In this case, you should be able to avoid this specific manifestation of the bug by turning off the balancer.

Comment by Esha Maharishi (Inactive) [ 10/Jul/18 ]

ruiribeiro, you mentioned on SERVER-33538 you are using a multi-mapReduce process:

I understand your solution, but i am not using the option out: "replace", I use the option out: "reduce"

In my situation I do:

                         Pickup 3 Collections (sharded)

                                      ¦

                        Map Reduce (out:reduce, sharded:true)

                                      ¦

                          Ouput Collection(MR 1)

                                      ¦

                       Map Reduce (out:reduce, sharded:true)

                                      ¦

                          Ouput Collection(MR 2)

1) Can you list the exact mapReduce commands (specifically, including the input and output namespaces) used in this multi-step process?

I ask because it seems like some of your user-created collections (including those created by specifying them as the $out collection of a mapReduce) start with "tmp". This is confusing at first, because mapReduce also creates internal collections that start with "tmp" ("tmp.mr" and "tmp.mrs").
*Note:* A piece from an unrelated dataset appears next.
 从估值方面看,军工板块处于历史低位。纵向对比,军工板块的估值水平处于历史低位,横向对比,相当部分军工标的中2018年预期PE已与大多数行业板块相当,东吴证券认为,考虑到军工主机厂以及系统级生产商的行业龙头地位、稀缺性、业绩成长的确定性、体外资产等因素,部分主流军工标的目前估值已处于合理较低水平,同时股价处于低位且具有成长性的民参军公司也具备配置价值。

2) Are you also running migrations on your user-created collection that starts with "tmp" (or, do you have the balancer on?)

I think you are hitting some variant of the bug in SERVER-33538, but am not sure exactly how it's manifesting.
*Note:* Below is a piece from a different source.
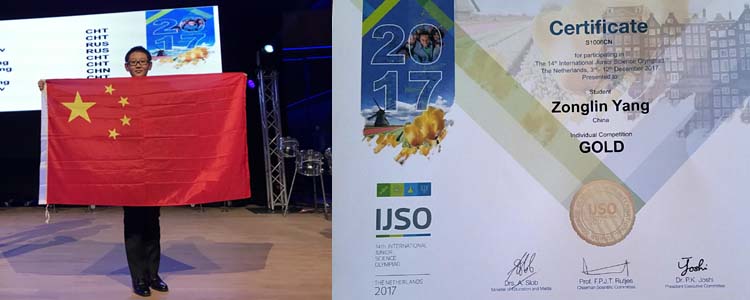 bg真人娱乐杨宗霖同学在国内两轮选拔考试中,成绩优异,获得2017IJSO中国赛区一等奖,与来自人大附中、北京市二中、景山中学共6名学生代表中国出战2017 IJSO国际竞赛。

Comment by Spencer Brody (Inactive) [ 18/Jun/18 ]

Yeah, the node is definitely SECONDARY when the crash happens.

Something weird from the logs is that a few seconds before the crash happens, a collection with the same UUID but a different namespace is dropped:

2018-06-05T14:45:03.169+0000 I COMMAND  [repl writer worker 4] CMD: drop M_20180602.tmp.mr.uimsi_d_6
2018-06-05T14:45:03.169+0000 I STORAGE  [repl writer worker 4] dropCollection: M_20180602.tmp.mr.uimsi_d_6 (16e14cce-7a36-4e3d-850c-0e630dedaea3) - renaming to drop-pending collection: M_20180602.system.drop.1528209903i23797t6.tmp.mr.uimsi_d_6 with drop optime { ts: Timestamp(1528209903, 23797), t: 6 }
2018-06-05T14:45:03.245+0000 I REPL     [replication-423] Completing collection drop for M_20180602.system.drop.1528209903i23797t6.tmp.mr.uimsi_d_6 with drop optime { ts: Timestamp(1528209903, 23797), t: 6 } (notification optime: { ts: Timestamp(1528209903, 23797), t: 6 })
2018-06-05T14:45:03.245+0000 I STORAGE  [replication-423] Finishing collection drop for M_20180602.system.drop.1528209903i23797t6.tmp.mr.uimsi_d_6 (16e14cce-7a36-4e3d-850c-0e630dedaea3).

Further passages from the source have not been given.